Let's attempt to identify clusters based on Age and SpendingScore. Using two variables will allow us to visualize the results, but feel free to re-run this with all the continuous variables. K-means clustering is not suitable for categorical variables.

In [None]:
from sklearn.cluster import KMeans

<font color='#eb3483'>Have a look at the help for `KMeans`. What do the "init" and "n_init" arguments do?

In [None]:
?KMeans

Let's perform K-means clustering with K=4 (no particular reason, just as an example!)...

In [None]:
km = KMeans(n_clusters=4) # K = 4
km.fit(df[['Age','SpendingScore']])

In [None]:
# Create a DataFrame from the cluster centers of a KMeans model
# km.cluster_centers_ contains the centroids of each cluster

pd.DataFrame(km.cluster_centers_, columns=['Age','SpendingScore'], index=['Cluster1', 'Cluster2', 'Cluster3', 'Cluster4'])

In [None]:
# Add a new column 'Cluster' to the DataFrame df
# km.labels_ contains the cluster labels assigned by KMeans (starting from 0)

df['Cluster'] = km.labels_ + 1
df.head()

In [None]:
sns.relplot(x="Age", y="SpendingScore", data=df, hue="Cluster")

### <font color='#eb3483'> Finding the Best $K$ </font>

The `sklearn` `KMeans` method calls the total within-cluster variation "inertia". This is stored as the `inertia_` attribute of the fitted object.

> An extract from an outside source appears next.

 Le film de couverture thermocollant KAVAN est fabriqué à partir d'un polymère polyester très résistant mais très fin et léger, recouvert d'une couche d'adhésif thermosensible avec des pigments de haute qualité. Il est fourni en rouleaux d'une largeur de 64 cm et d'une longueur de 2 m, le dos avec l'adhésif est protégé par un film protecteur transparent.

Next, we will loop over different values of $K$, store the inertia and choose the best value of $K$ using the "elbow" method.

In [None]:
inertia = []
for k in range(1, 11):
    kmeans = KMeans(n_clusters=k, random_state=0)
    kmeans.fit(df[['Age','SpendingScore']])
    inertia.append(kmeans.inertia_)

# Plotting the inertia values
plt.figure(figsize=(10, 6))
plt.plot(range(1, 11), inertia, marker='o')
plt.xlabel('Number of clusters (k)')
plt.ylabel('Inertia')
plt.title('Inertia vs. Number of clusters')
plt.xticks(np.arange(1, 11, 1))  # Set x-axis ticks to integers
plt.grid(True)
plt.show()

<font color='#eb3483'>Exercise: </font> How many clusters would you select? (There is no single "right" answer.)

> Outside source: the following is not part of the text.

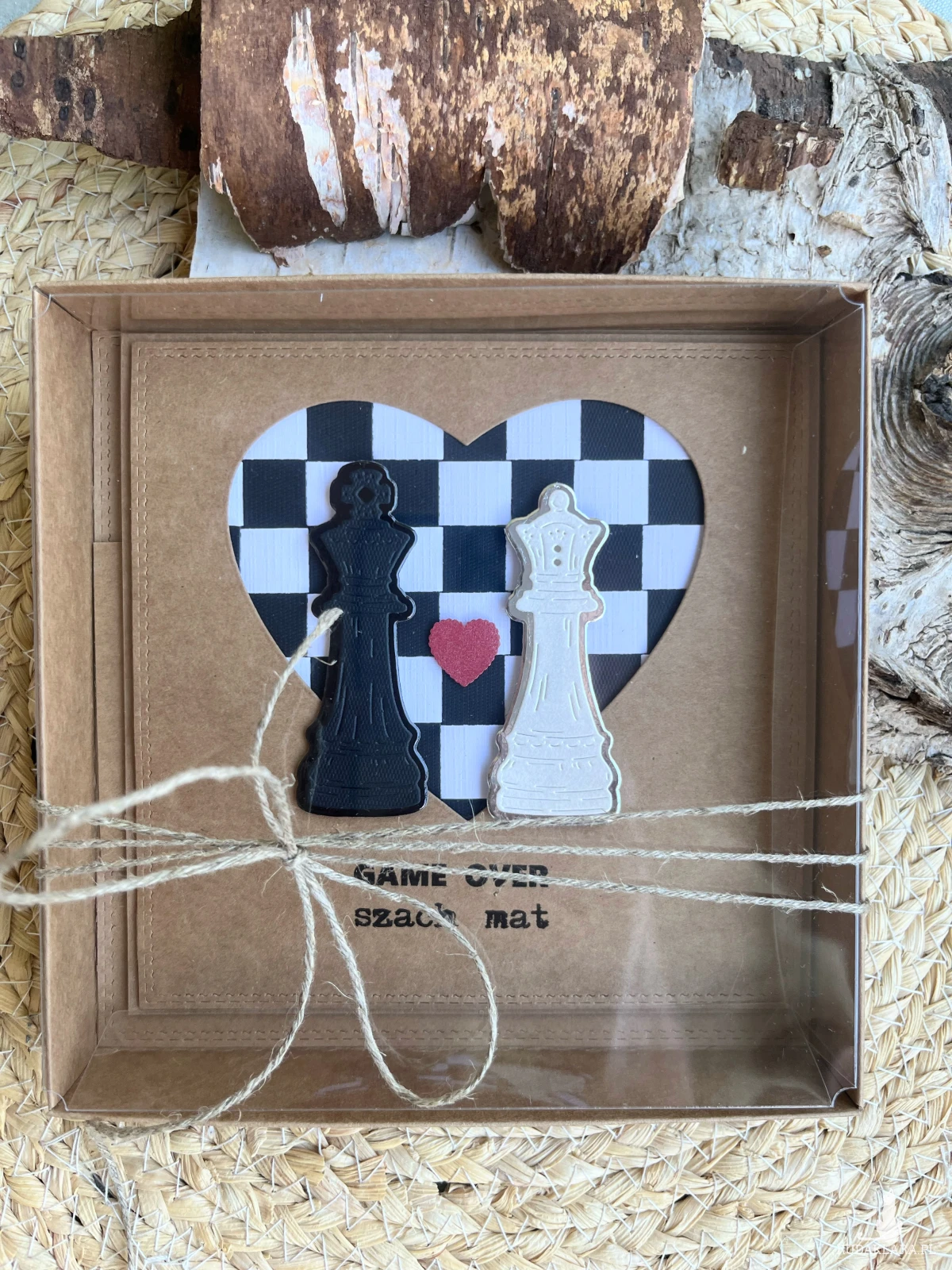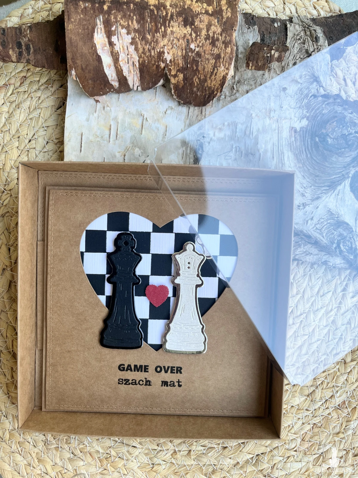 Wyjątkowa i elegancka kartka okolicznościowa wykonana z najwyższej jakości materiałów do scrapbookingu w stylu eco-minimalistycznym. Zdobiona elementami 3D. Wykonana z dbałością o każdy detal. Kartka przestrzenna w komplecie z pudełkiem.Wewnątrz kartki znajduje się miejsce na wypisanie własnych życzeń.Natomiast na dnie pudelka umieszczono kieszonkę na małe co nieco lub kupon lotto .Całość obwiązana sznurkiem Wielkość kartki 14x14 a pudełka 15,5x15,5 x2.5cm.W tej postaci komplet jest do natychmiastowej wysyłki

# <font color='#eb3483'> Hierarchical Clustering </font>

Let's try hierarchical clustering instead...

In [None]:
from sklearn.cluster import AgglomerativeClustering
#?AgglomerativeClustering

In [None]:
from scipy.cluster.hierarchy import dendrogram, linkage
import matplotlib.pyplot as plt

# Perform hierarchical clustering
Z = linkage(df[['Age', 'SpendingScore']])

# Plot the dendrogram
plt.figure(figsize=(12, 6))
dendrogram(Z)
plt.xlabel('Sample Index')
plt.ylabel('Distance')
plt.title('Hierarchical Clustering Dendrogram')
plt.show()

Lets apply 3 clusters

In [None]:
# Perform agglomerative clustering
hier = AgglomerativeClustering(n_clusters=3, linkage='ward')
hier.fit(df[['Age', 'SpendingScore']])

In [None]:
df['Cluster'] = hier.labels_ + 1
df.head()

In [None]:
sns.relplot(x="Age", y="SpendingScore", data=df, hue="Cluster")

## Evaluating clustering

* Silhouette Score: The silhouette score measures how similar an object is to its own cluster compared to other clusters. It ranges from -1 to 1, where a high value indicates that the object is well matched to its own cluster and poorly matched to neighboring clusters.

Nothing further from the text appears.